Wednesday, April 22, 2015

Long Day - Rifts, Hasbro and DC's Convergence among other musings


Today is going to be a long day: 24 hours without sleep now. Long story, too much "other" for this blog but I am looking forward to crashing later for a few hours before game begins. Ai!!!! So a random medley post doay:

Rifts
The Savage Worlds edition of Rifts I mentioned really is a shocker. I still can't believe that Palladium consented to allow this. It won't quite feel the same though without a long monologue in each book from Kevin explaining that the original manuscript was amazing but he still had to rewrite it entirely to suit his vision of Book X.

Hasbro on D&D
Hasbro's news that D& D "on a real tear" was cool but I am still amused that it was also grouped with Clue, Candy Land and other games in the Hasbro inventory in terms of where it stands in the corporate report. This led me to wonder if maybe somewhere deep in Hasbro's corporate network is a division of 7 dedicated developers working furiously to make Candy Land new and innovative, all glaring over at the WotC team for setting the bar to a new high.

DC's Convergence
Anyone following DC's Convergence mini-epic running this month and next? No? I'm guessing a lot of older fans habitually dodge all newer iterations of an old product without compelling evidence to do otherwise, but I happen to be a fan of the New 52 DC universe and also still a fan of (most of) the pre-New-52 universe (I followed the post-Crisis DC from around 86 through to 2000 before I finally burned out). The Convergence event, which I am told is actually a cover for DC to move its headquarters to California and not worry about having their comic lineup interrupted, is a storyline about entire cities of various realms of the DC multiverse which have been kidnapped to a distant universe where Braniac is collecting "dead cities." This has been an recurring theme for several storylines now in DC's New 52, and pretty much most of the recent weeklies (New 52 Future's End and Earth2: Future's End) have been building up to it. Anyway, this frame gives the DC authors an excuse to revisit dozens of older DC universes and cancelled books. So far it's been a real menagerie, but an unusual number of their entries date to sometime in the mid 00's prior to the major universe-revisionism that went on or back to the late 80's, when I really got into DC. It's a fun trip down memory lane but in a modern context; the interesting thing is going to be seeing what changes, if any, this new approach has on other DC books going forward.
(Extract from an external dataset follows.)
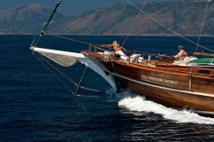 Presented by DMA Yachting, the breathtaking charter yacht DERIYA DENIZ is a 78 ft sailboat. The key elements of DERIYA DENIZ are her elegant profile and interconnection with the sea. DERIYA DENIZ spends the season in Corsica. She was constructed by a custom yachtbuilder in 2002. A comprehensive refit was completed in 2010. and easily accommodates a group of 12 guests.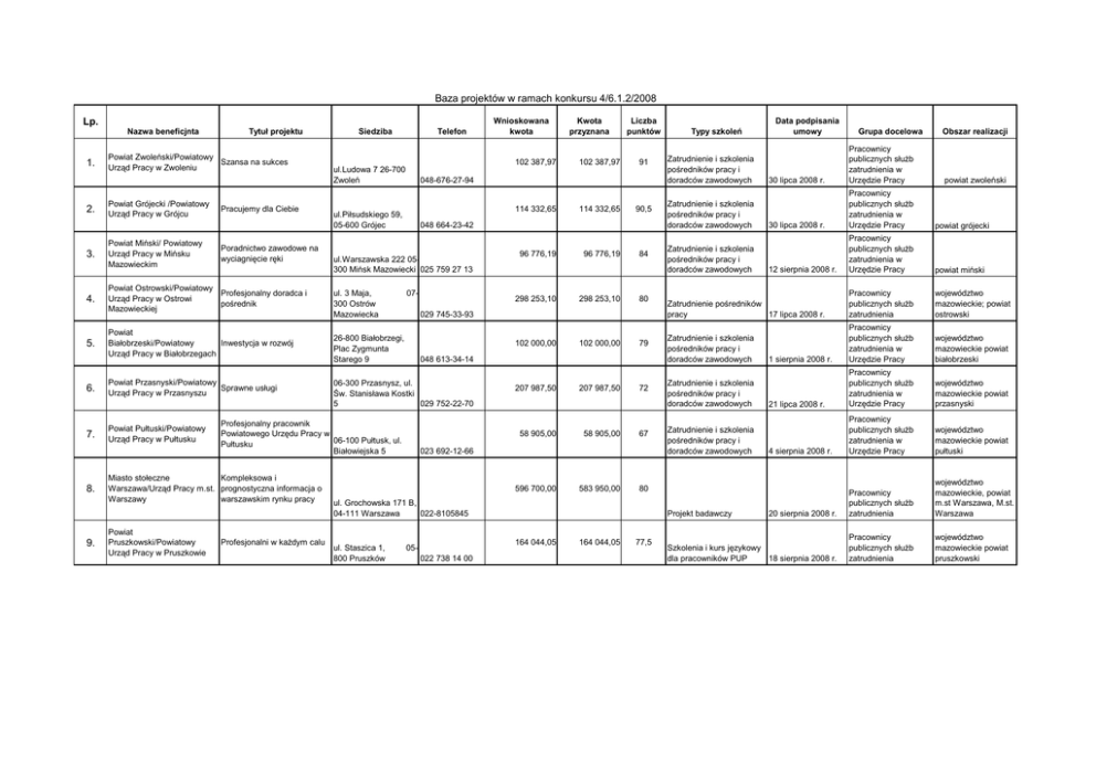 Baza projektów w ramach konkursu 4/6.1.2/2008 Lp. Nazwa beneficjnta 1. 2. Tytuł projektu Powiat Zwoleński/Powiatowy Szansa na sukces Urząd Pracy w Zwoleniu Powiat Grójecki /Powiatowy Urząd Pracy w Grójcu Pracujemy dla Ciebie 3. Powiat Miński/ Powiatowy Urząd Pracy w Mińsku Mazowieckim 4. Powiat Ostrowski/Powiatowy Profesjonalny doradca i Urząd Pracy w Ostrowi pośrednik Mazowieckiej 5. Powiat Białobrzeski/Powiatowy Inwestycja w rozwój Urząd Pracy w Białobrzegach 6. 7. 8. 9. Poradnictwo zawodowe na wyciagnięcie ręki Powiat Przasnyski/Powiatowy Sprawne usługi Urząd Pracy w Przasnyszu Powiat Pułtuski/Powiatowy Urząd Pracy w Pułtusku Telefon ul.Ludowa 7 26-700 Zwoleń Profesjonalni w każdym calu Kwota przyznana 102 387,97 Liczba punktów 91 048-676-27-94 114 332,65 ul.Piłsudskiego 59, 05-600 Grójec 114 332,65 90,5 048 664-23-42 ul.Warszawska 222 05300 Mińsk Mazowiecki 025 759 27 13 ul. 3 Maja, 300 Ostrów Mazowiecka Wnioskowana kwota 102 387,97 07- 96 776,19 96 776,19 84 298 253,10 298 253,10 80 102 000,00 102 000,00 79 029 745-33-93 26-800 Białobrzegi, Plac Zygmunta Starego 9 048 613-34-14 06-300 Przasnysz, ul. Św. Stanisława Kostki 5 029 752-22-70 Profesjonalny pracownik Powiatowego Urzędu Pracy w 06-100 Pułtusk, ul. Pułtusku Białowiejska 5 Miasto stołeczne Kompleksowa i Warszawa/Urząd Pracy m.st. prognostyczna informacja o Warszawy warszawskim rynku pracy Powiat Pruszkowski/Powiatowy Urząd Pracy w Pruszkowie Siedziba 207 987,50 58 905,00 207 987,50 58 905,00 72 67 023 692-12-66 596 700,00 583 950,00 022 738 14 00 164 044,05 77,5 Grupa docelowa Obszar realizacji 30 lipca 2008 r. Pracownicy publicznych służb zatrudnienia w Urzędzie Pracy 30 lipca 2008 r. Pracownicy publicznych służb zatrudnienia w Urzędzie Pracy powiat grójecki 12 sierpnia 2008 r. Pracownicy publicznych służb zatrudnienia w Urzędzie Pracy powiat miński Zatrudnienie pośredników pracy 17 lipca 2008 r. Pracownicy publicznych służb zatrudnienia województwo mazowieckie; powiat ostrowski Zatrudnienie i szkolenia pośredników pracy i doradców zawodowych 1 sierpnia 2008 r. Pracownicy publicznych służb zatrudnienia w Urzędzie Pracy województwo mazowieckie powiat białobrzeski 21 lipca 2008 r. Pracownicy publicznych służb zatrudnienia w Urzędzie Pracy województwo mazowieckie powiat przasnyski 4 sierpnia 2008 r. Pracownicy publicznych służb zatrudnienia w Urzędzie Pracy województwo mazowieckie powiat pułtuski 20 sierpnia 2008 r. Pracownicy publicznych służb zatrudnienia województwo mazowieckie, powiat m.st Warszawa, M.st. Warszawa Szkolenia i kurs językowy dla pracowników PUP 18 sierpnia 2008 r. Pracownicy publicznych służb zatrudnienia województwo mazowieckie powiat pruszkowski Zatrudnienie i szkolenia pośredników pracy i doradców zawodowych Zatrudnienie i szkolenia pośredników pracy i doradców zawodowych Zatrudnienie i szkolenia pośredników pracy i doradców zawodowych Zatrudnienie i szkolenia pośredników pracy i doradców zawodowych Zatrudnienie i szkolenia pośredników pracy i doradców zawodowych Projekt badawczy 164 044,05 05- Data podpisania umowy 80 ul. Grochowska 171 B, 04-111 Warszawa 022-8105845 ul. Staszica 1, 800 Pruszków Typy szkoleń powiat zwoleński

Marvel's doing something similar with its Secret Wars, which appears to be a muddy mess of various miniseries revisiting key moments in Marvel's history while using the end-of-the-universe event they've been building up to in the Avengers titles for years now as a frame. The end result, I predict, will look alarmingly close to the Marvel Cineverse, but I could be mistaken....still, I'm going to dodge most of the Secret Wars titles as it looks like a ridiculous mess and honestly I haven't been "back" to Marvel since the early 80's, so for most of these spin-off titles they are referencing events that took place during the decades that I was almost exclusively in to either DC, Image, or Jodorowksi comics.

Plus, there are a lot of comics for these two events coming out from Marvel and DC both. For the sake of my budget a decision had to be made: and I decided it was more fun to follow the Convergence.